### Required work
From the line with "قوله: ((واجعلنا هداة" to the line with "8月24日,旅客從首都機(j", retype each line exactly as it stands in the records below, but skip the pictures.

### Records supplied

☆ ☆ ☆ ☆ ☆

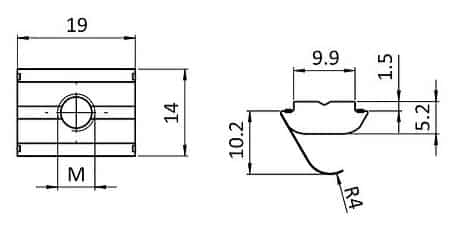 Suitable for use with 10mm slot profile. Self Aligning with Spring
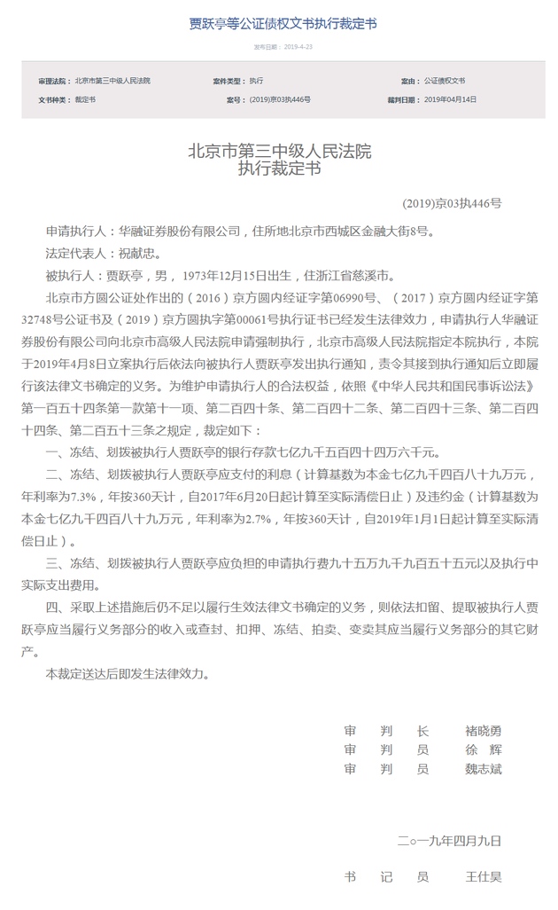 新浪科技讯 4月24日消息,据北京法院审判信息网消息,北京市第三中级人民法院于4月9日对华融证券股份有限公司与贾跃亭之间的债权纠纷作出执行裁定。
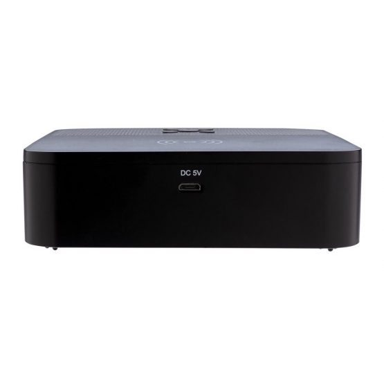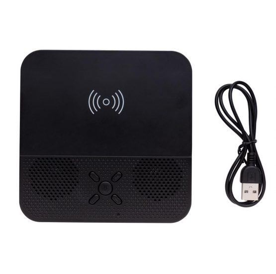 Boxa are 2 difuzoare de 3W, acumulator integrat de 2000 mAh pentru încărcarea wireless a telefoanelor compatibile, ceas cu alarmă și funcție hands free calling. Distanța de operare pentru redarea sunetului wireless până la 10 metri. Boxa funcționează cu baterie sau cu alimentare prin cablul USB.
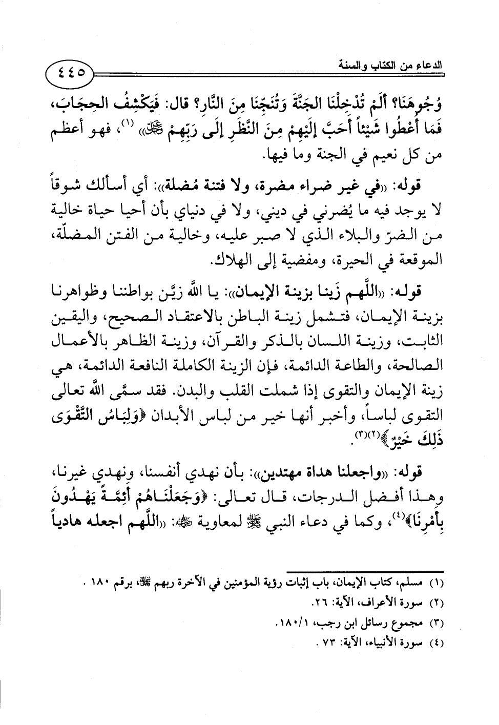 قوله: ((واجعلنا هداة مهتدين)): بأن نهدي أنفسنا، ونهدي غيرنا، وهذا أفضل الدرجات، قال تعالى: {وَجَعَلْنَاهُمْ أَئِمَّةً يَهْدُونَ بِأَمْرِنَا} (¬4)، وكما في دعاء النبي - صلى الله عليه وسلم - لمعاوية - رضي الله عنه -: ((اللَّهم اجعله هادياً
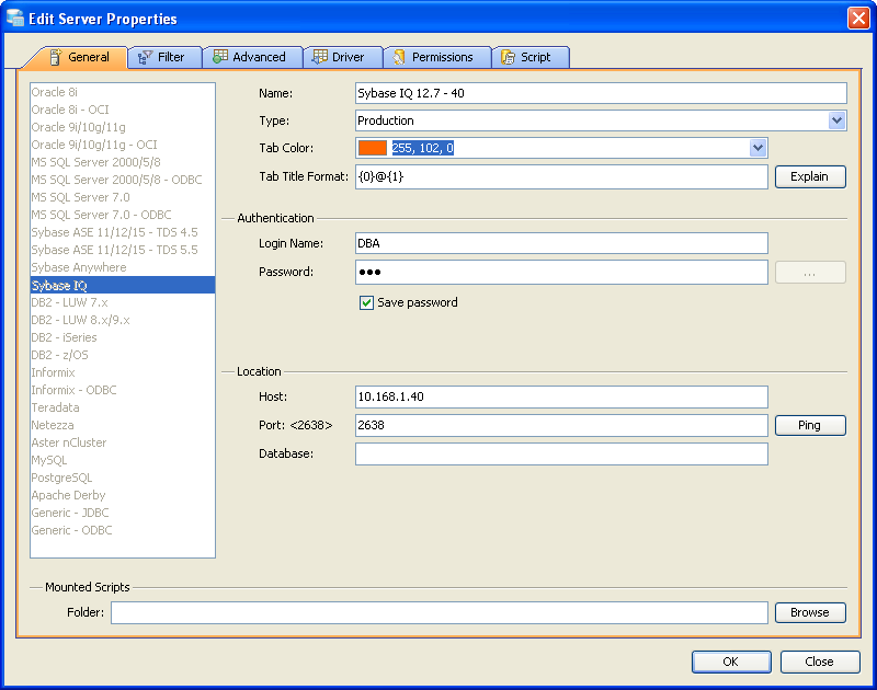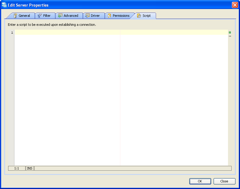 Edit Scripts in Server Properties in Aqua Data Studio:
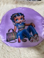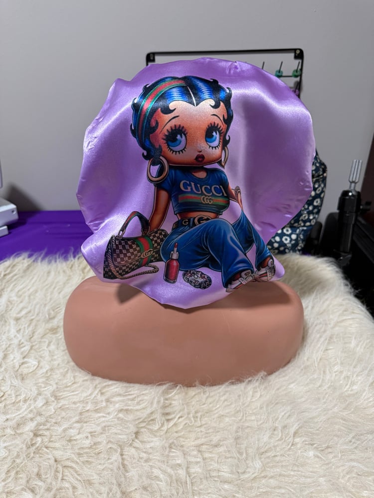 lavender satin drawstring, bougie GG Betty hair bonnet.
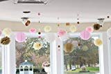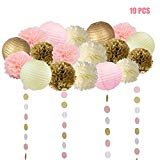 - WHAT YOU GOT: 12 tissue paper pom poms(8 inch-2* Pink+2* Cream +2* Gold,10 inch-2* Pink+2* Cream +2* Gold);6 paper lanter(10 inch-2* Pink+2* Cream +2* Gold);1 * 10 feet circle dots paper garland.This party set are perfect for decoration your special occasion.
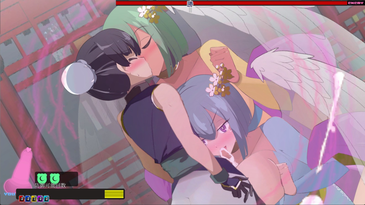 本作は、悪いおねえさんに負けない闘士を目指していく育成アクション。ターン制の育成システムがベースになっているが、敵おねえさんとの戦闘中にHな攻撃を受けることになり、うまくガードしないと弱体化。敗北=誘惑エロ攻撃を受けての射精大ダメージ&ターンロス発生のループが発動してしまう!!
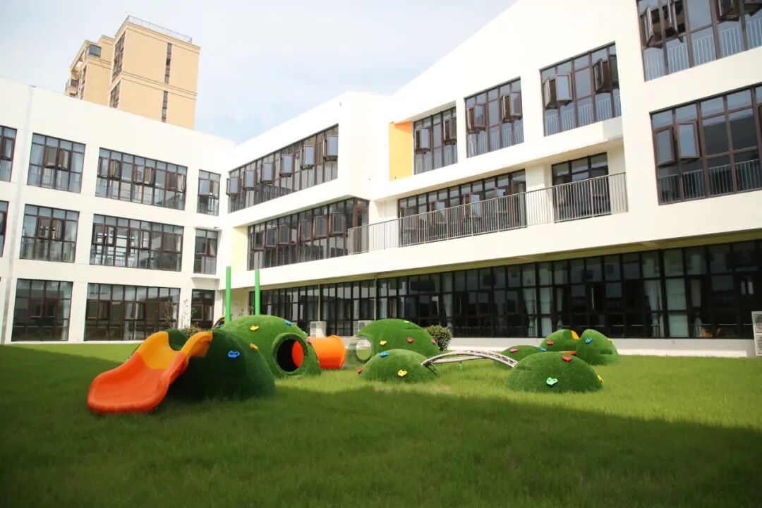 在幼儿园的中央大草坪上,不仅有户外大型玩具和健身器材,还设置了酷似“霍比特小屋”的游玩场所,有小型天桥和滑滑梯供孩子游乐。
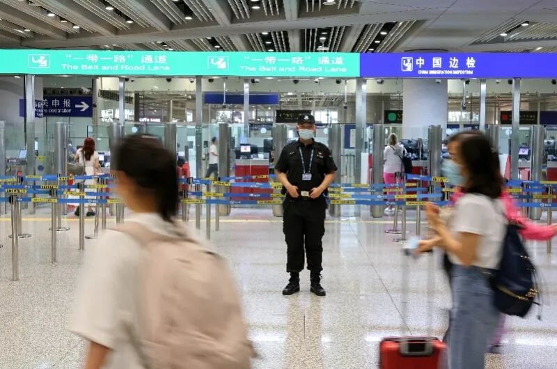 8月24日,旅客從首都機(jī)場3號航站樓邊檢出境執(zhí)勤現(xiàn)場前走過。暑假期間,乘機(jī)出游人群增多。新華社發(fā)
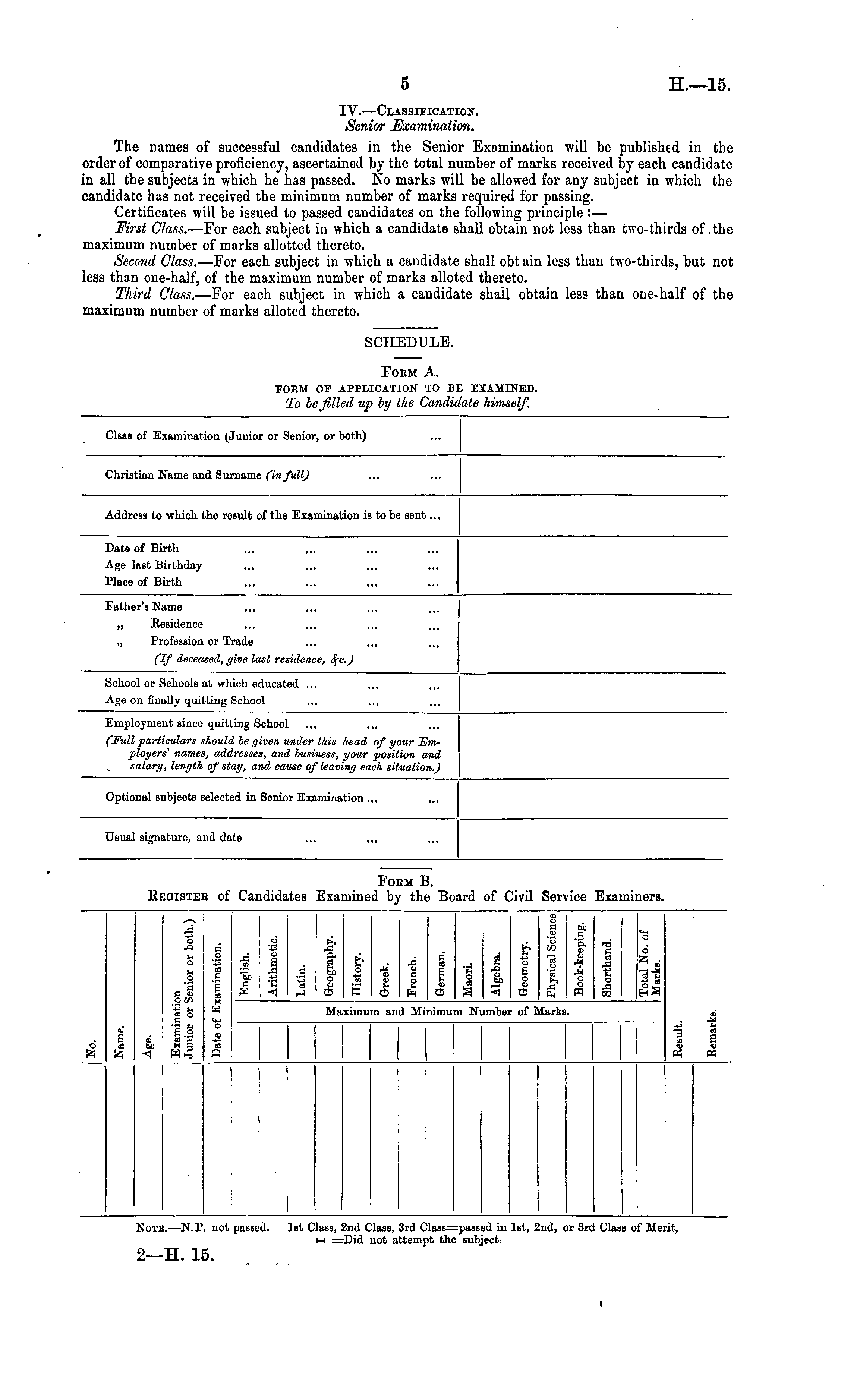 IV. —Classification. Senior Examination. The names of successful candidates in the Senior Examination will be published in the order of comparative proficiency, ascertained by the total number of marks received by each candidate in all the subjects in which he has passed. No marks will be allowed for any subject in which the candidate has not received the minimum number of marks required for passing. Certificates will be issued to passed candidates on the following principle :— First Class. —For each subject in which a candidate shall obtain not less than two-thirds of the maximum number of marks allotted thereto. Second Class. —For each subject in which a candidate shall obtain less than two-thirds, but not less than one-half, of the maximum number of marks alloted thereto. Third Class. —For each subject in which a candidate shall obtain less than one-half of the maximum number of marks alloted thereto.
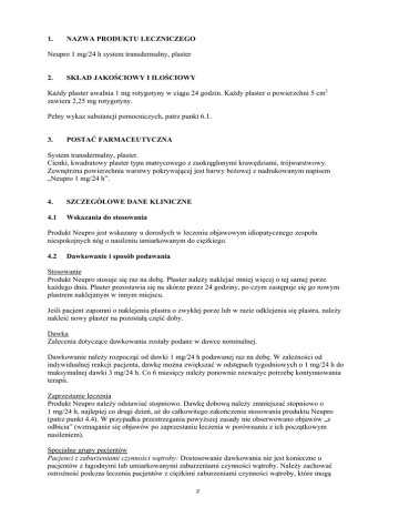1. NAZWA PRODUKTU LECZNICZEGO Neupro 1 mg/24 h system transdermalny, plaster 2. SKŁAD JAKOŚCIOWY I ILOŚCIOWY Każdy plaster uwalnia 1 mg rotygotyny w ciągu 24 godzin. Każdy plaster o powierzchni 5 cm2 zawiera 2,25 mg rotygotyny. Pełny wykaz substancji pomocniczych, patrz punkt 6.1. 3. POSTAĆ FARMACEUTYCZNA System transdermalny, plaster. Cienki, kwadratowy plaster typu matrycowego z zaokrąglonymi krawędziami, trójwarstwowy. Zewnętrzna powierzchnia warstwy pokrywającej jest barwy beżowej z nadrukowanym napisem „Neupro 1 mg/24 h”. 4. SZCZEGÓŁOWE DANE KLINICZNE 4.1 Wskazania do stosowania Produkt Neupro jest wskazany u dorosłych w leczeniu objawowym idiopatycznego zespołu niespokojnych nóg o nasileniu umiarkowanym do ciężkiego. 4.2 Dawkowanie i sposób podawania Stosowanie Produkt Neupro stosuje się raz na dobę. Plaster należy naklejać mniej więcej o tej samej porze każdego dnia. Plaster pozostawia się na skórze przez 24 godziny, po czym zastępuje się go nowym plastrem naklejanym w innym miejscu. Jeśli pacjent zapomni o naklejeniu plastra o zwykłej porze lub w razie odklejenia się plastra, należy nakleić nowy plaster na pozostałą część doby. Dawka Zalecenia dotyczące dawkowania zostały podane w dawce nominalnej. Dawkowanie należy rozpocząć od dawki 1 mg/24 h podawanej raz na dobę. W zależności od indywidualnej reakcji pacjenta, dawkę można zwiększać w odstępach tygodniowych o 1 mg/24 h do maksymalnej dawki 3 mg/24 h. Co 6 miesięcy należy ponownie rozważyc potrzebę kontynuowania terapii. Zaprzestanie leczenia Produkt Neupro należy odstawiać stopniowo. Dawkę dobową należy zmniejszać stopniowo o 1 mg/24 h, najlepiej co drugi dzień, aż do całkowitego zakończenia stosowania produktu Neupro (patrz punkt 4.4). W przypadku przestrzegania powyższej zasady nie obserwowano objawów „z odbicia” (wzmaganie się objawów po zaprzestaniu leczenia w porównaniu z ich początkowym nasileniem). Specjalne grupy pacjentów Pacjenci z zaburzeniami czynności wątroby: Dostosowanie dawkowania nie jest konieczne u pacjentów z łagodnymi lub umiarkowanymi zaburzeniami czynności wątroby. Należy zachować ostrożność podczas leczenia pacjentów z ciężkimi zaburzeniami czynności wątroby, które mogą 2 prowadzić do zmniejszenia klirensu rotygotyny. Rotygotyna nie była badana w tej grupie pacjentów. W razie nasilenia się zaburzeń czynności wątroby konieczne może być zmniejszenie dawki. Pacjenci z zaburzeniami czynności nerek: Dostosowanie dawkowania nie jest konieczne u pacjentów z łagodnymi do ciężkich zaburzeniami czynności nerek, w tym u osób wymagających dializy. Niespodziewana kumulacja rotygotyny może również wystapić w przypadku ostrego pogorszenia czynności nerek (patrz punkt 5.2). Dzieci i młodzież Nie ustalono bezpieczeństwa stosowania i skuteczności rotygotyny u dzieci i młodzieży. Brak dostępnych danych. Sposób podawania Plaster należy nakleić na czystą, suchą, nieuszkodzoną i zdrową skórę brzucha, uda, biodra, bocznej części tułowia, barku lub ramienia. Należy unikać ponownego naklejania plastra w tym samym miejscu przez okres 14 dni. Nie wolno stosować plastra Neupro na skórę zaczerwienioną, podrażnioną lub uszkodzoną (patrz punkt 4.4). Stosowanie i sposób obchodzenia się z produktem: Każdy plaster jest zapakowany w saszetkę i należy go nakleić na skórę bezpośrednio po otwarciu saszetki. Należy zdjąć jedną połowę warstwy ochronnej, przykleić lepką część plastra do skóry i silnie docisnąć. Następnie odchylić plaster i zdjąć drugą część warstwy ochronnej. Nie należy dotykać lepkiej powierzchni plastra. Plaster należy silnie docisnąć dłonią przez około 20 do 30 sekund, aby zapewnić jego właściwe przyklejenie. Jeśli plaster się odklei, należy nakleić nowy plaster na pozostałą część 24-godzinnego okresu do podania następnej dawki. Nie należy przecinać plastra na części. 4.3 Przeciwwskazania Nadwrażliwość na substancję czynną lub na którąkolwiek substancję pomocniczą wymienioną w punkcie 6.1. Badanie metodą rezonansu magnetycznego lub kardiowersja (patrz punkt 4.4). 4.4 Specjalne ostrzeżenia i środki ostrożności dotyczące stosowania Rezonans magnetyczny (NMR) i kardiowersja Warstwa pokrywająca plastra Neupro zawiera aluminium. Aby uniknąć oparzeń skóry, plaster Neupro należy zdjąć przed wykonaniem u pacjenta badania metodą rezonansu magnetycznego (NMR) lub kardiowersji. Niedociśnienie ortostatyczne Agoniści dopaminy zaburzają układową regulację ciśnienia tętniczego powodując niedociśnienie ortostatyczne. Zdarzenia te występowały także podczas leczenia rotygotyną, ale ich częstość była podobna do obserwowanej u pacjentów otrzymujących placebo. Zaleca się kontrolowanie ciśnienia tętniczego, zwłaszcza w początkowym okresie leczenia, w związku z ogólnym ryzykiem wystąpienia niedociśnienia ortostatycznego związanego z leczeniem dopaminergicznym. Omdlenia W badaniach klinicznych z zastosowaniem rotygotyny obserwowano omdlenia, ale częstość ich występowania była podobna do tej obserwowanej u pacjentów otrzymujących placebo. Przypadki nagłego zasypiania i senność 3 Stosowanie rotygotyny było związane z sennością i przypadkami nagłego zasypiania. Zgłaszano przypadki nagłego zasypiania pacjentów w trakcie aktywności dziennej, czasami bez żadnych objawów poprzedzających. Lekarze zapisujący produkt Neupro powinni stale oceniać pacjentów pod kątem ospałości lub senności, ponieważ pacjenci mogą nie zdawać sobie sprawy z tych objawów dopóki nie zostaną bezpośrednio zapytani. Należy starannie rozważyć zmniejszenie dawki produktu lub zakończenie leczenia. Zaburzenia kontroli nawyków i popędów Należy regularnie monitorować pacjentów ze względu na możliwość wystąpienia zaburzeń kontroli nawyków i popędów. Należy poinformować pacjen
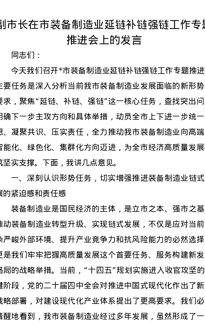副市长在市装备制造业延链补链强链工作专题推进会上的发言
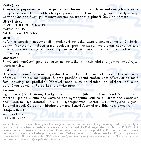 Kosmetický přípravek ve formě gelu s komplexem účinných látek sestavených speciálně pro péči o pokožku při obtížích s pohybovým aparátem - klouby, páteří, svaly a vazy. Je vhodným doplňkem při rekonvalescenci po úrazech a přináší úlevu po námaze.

☆ ☆ ☆ ☆ ☆

### Output
 قوله: ((واجعلنا هداة مهتدين)): بأن نهدي أنفسنا، ونهدي غيرنا، وهذا أفضل الدرجات، قال تعالى: {وَجَعَلْنَاهُمْ أَئِمَّةً يَهْدُونَ بِأَمْرِنَا} (¬4)، وكما في دعاء النبي - صلى الله عليه وسلم - لمعاوية - رضي الله عنه -: ((اللَّهم اجعله هادياً
 Edit Scripts in Server Properties in Aqua Data Studio:
 lavender satin drawstring, bougie GG Betty hair bonnet.
 - WHAT YOU GOT: 12 tissue paper pom poms(8 inch-2* Pink+2* Cream +2* Gold,10 inch-2* Pink+2* Cream +2* Gold);6 paper lanter(10 inch-2* Pink+2* Cream +2* Gold);1 * 10 feet circle dots paper garland.This party set are perfect for decoration your special occasion.
 本作は、悪いおねえさんに負けない闘士を目指していく育成アクション。ターン制の育成システムがベースになっているが、敵おねえさんとの戦闘中にHな攻撃を受けることになり、うまくガードしないと弱体化。敗北=誘惑エロ攻撃を受けての射精大ダメージ&ターンロス発生のループが発動してしまう!!
 在幼儿园的中央大草坪上,不仅有户外大型玩具和健身器材,还设置了酷似“霍比特小屋”的游玩场所,有小型天桥和滑滑梯供孩子游乐。
 8月24日,旅客從首都機(jī)場3號航站樓邊檢出境執(zhí)勤現(xiàn)場前走過。暑假期間,乘機(jī)出游人群增多。新華社發(fā)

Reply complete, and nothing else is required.